4.1 Measures of association: NAO vs SOI
In this notebook we explore the relationship between two well-known climate indices, the Southern Oscillation Index (SOI) and the North Atlantic Oscillation (NAO) index. The NAO and SOI index have been alleged to show some relationship, albeit a subtle one, in some seasons/epochs. Specifically, we will explore:
- effects of trends
- effects of autocorrelation
- various measures of association
- various methods of establishing the significance of a relationship
4.1.1 Load data and packages
4.1.1.1 R packages
- We will use
tidyversefor data formating/manipulation as well as for plotting - We will also make use of
reshape2for data formatting astrochronwill provide a test of correlation significance
4.1.1.2 Data
- The NAO data are from NCEP
- The SOI data ship with Pyleoclim, which houses a few datasets that make it easy to experiment with real-world geoscientific timeseries.
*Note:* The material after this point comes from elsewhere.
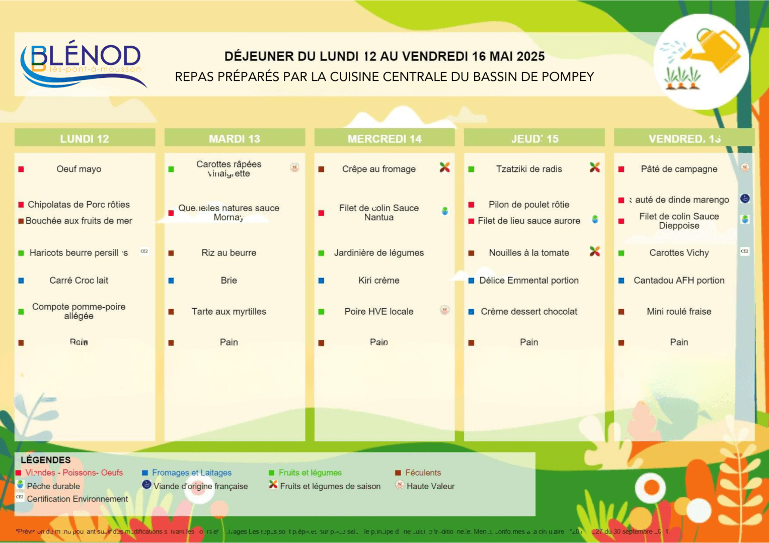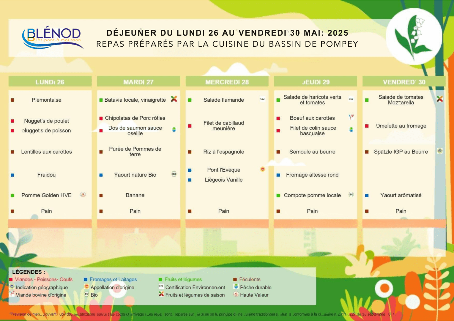 Sur réservation au plus tard à 12h le mardi de la semaine précédente pour toute la semaine suivante (changement possible uniquement sur le plat) par tél : 03 83 80 43 25
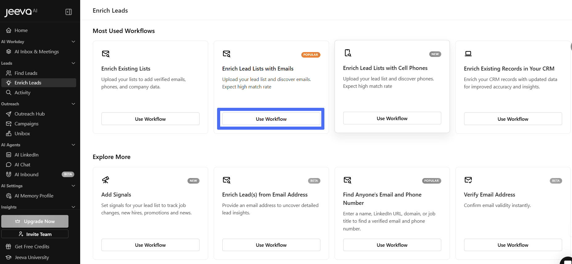 Under Most Used Workflows, locate Enrich Lead Lists with Emails.

We’ll grab the data directly from the github page.
#Load SOI
SOI <- read.table("https://github.com/LinkedEarth/Pyleoclim_util/raw/master/pyleoclim/data/soi_data.csv", sep = ",", header = TRUE, skip = 1)
head(SOI)## Date Year Value
## 1 195101 1951.000 1.5
## 2 195102 1951.083 0.9
## 3 195103 1951.167 -0.1
## 4 195104 1951.250 -0.3
## 5 195105 1951.333 -0.7
## 6 195106 1951.417 0.2
#Load NAO
NAO <- read.table('https://www.cpc.ncep.noaa.gov/products/precip/CWlink/pna/norm.nao.monthly.b5001.current.ascii.table',header = TRUE, fill=TRUE, row.names = NULL)
head(NAO)## row.names Jan Feb Mar Apr May Jun Jul Aug Sep Oct Nov Dec
## 1 1950 0.92 0.40 -0.36 0.73 -0.59 -0.06 -1.26 -0.05 0.25 0.85 -1.26 -1.02
## 2 1951 0.08 0.70 -1.02 -0.22 -0.59 -1.64 1.37 -0.22 -1.36 1.87 -0.39 1.32
## 3 1952 0.93 -0.83 -1.49 1.01 -1.12 -0.40 -0.09 -0.28 -0.54 -0.73 -1.13 -0.43
## 4 1953 0.33 -0.49 -0.04 -1.67 -0.66 1.09 0.40 -0.71 -0.35 1.32 1.04 -0.47
## 5 1954 0.37 0.74 -0.83 1.34 -0.09 -0.25 -0.60 -1.90 -0.44 0.60 0.40 0.69
## 6 1955 -1.84 -1.12 -0.53 -0.42 -0.34 -1.10 1.76 1.07 0.32 -1.47 -1.29 0.17
Note the latter arguments to read.table(). fill=TRUE adds NA values where data is missing at the end of the file while row.names=NULL employs the row names of the file as the first column of the data.frame.
4.1.2 Format and plot the NAO data
The melt() function from reshape2 is handy for reorganizing data from wide to long format. In this case we have a 13-column data.frame with a Year column and a column for each month. melt() reformats this data to 3 columns: Year, month, and value.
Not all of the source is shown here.